> **Task inputs**
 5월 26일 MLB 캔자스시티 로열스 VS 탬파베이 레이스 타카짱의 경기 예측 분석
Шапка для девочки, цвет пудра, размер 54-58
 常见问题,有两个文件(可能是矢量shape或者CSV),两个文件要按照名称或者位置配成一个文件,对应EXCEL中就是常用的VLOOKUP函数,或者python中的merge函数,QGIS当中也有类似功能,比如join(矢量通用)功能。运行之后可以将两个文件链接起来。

---

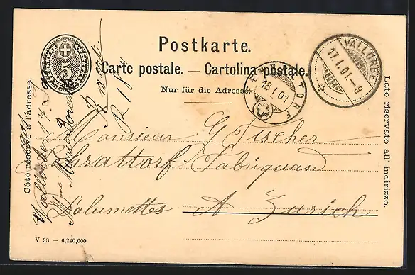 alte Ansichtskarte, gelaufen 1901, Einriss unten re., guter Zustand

> **Task to complete**
Above are the records; print exactly the lines from the line with "Шапка для девочки, цвет пудра, размер 54-58" to the line with "常见问题,有两个文件(可能是", including both, and nothing else.

> **Solved exercise**
Шапка для девочки, цвет пудра, размер 54-58
 常见问题,有两个文件(可能是矢量shape或者CSV),两个文件要按照名称或者位置配成一个文件,对应EXCEL中就是常用的VLOOKUP函数,或者python中的merge函数,QGIS当中也有类似功能,比如join(矢量通用)功能。运行之后可以将两个文件链接起来。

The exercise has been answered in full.